======== Provided data ========
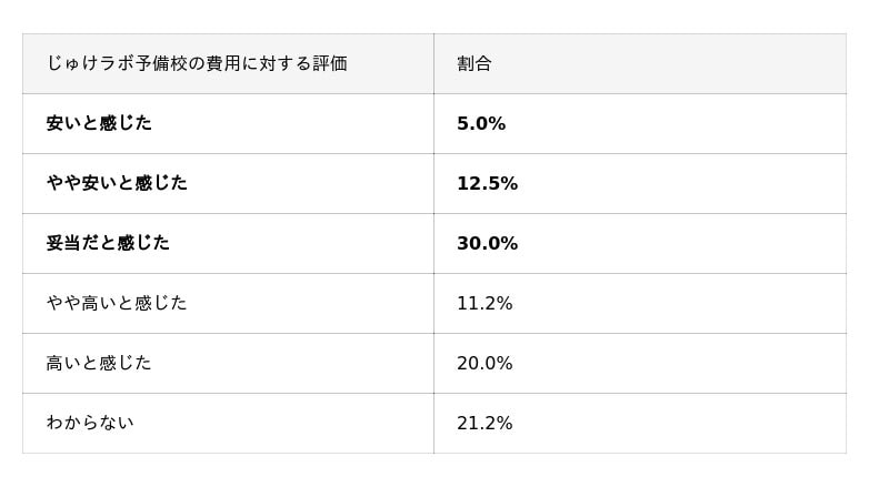 >塾・家庭教師利用者からの【じゅけラボの費用に対する評価】の調査結果
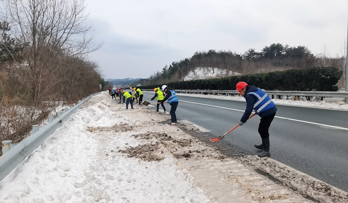 风雪过后,路面打滑难行,许广高速三阳段积雪造成交通阻断。2月22日上午,得知消息后,项目部迅速筹备3吨融雪剂,紧急组织60名管理、作业人员,8台平地机、推土机、装载机于中午12时抵达积雪路段,开展路面清扫、撒盐化雪、摆放警示标识等作业。过程中,党员干部与团员青年齐心协力,对长下坡、弯道等重要路段驻点巡查,排查安全隐患,努力将低温雨雪天气的不利影响降到最低。截至2月23日上午9时,项目部已完成许广高速三阳段除雪破冰作业超15公里,作业还在持续推进中。
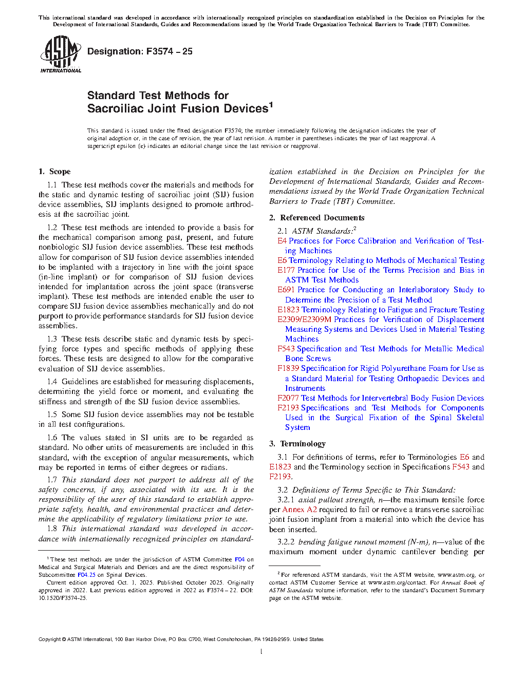 1.2 These test methods are intended to provide a basis for the mechanical comparison among past, present, and future nonbiologic SIJ fusion device assemblies. These test methods allow for comparison of SIJ fusion device assemblies intended to be implanted with a trajectory in line with the joint space (in-line implant) or for comparison of SIJ fusion devices intended for implantation across the joint space (transverse implant). These test methods are intended enable the user to compare SIJ fusion device assemblies mechanically and do not purport to provide performance standards for SIJ fusion device assemblies.
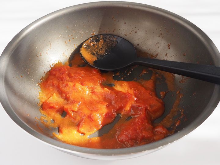 鶏肉を加熱した際に出る肉汁には旨味があるので、絶対に捨てないで! その旨味を使って、トマトベースのソースに仕上げます。
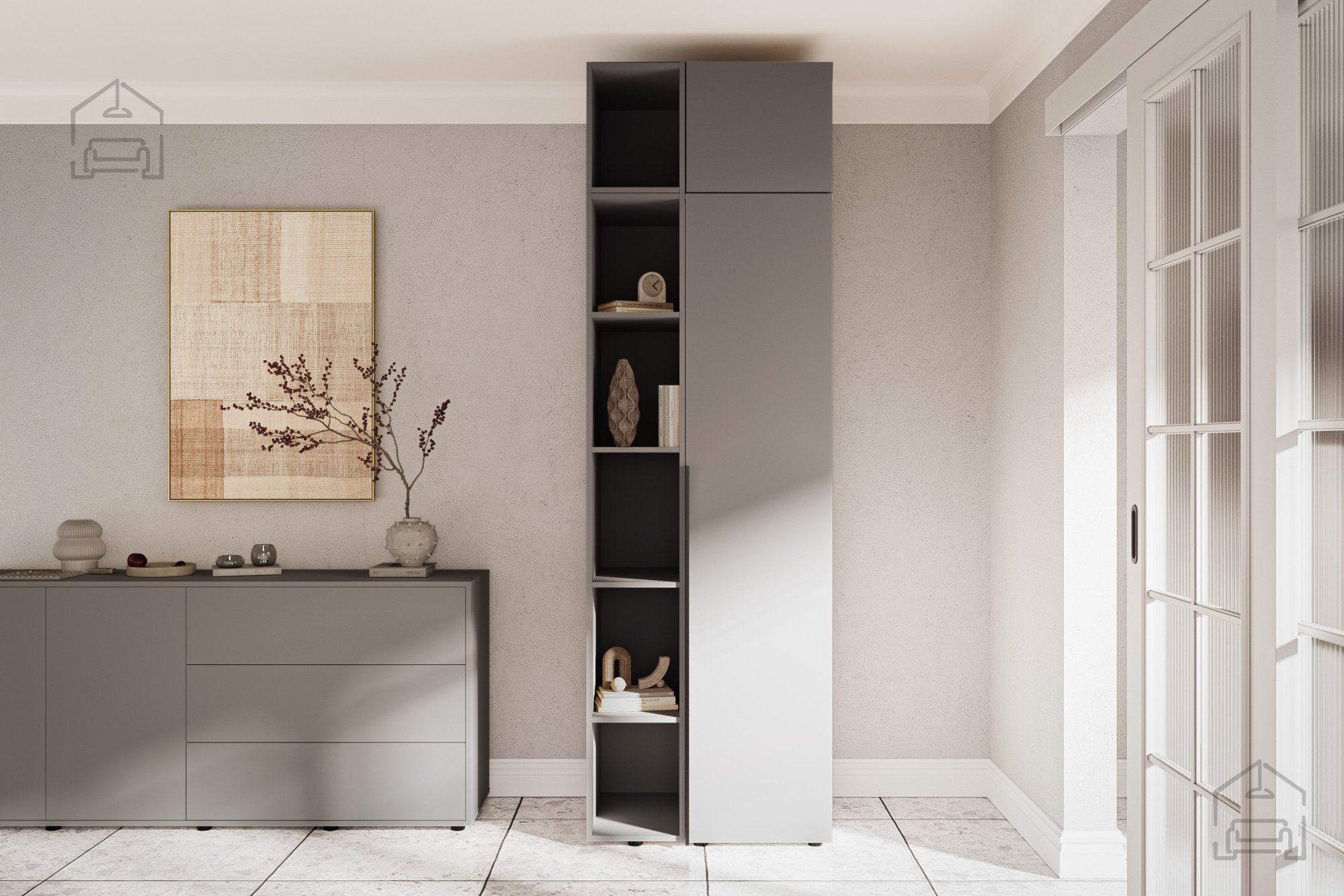 Die graue Farbe schafft einen ruhigen Hintergrund, der es anderen dekorativen Elementen ermöglicht, zur Geltung zu kommen, und gleichzeitig ein Gefühl von Harmonie und moderner Eleganz vermittelt. Dies ist ein Möbelstück, das Sie schnell lieben werden – nicht nur wegen seiner Nützlichkeit, sondern auch wegen seines zeitlosen Aussehens, das perfekt zu aktuellen Interior-Design-Trends passt.
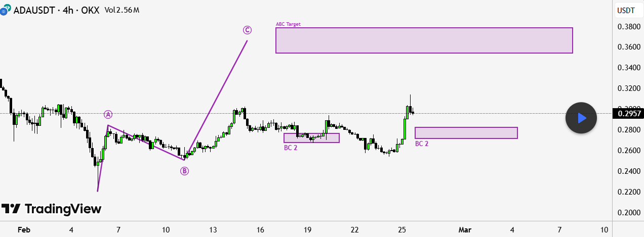 The third wave (C) initiated from that correction low but encountered resistance at $0.30 on February 15. Subsequently, ADA retreated to a support area between $0.26–$0.27, identified as the BC retracement level.
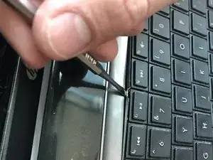 Используя металлический инструмент, нажмите центральную защёлку и подденьте клавиатуру, поворачивая инструмент в сторону экрана.
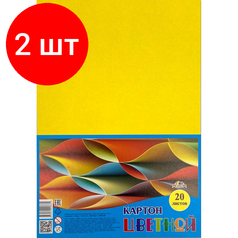 Купить Комплект 2 штук, Картон цветной Желтый 20л А4 одного цвета С2672-01
========
Problem to work on:
The answer is the run of lines from the one with "The third wave" through the final line of the data, copied exactly, and nothing else; no pictures.

Your solution:
 The third wave (C) initiated from that correction low but encountered resistance at $0.30 on February 15. Subsequently, ADA retreated to a support area between $0.26–$0.27, identified as the BC retracement level.
 Используя металлический инструмент, нажмите центральную защёлку и подденьте клавиатуру, поворачивая инструмент в сторону экрана.
 Купить Комплект 2 штук, Картон цветной Желтый 20л А4 одного цвета С2672-01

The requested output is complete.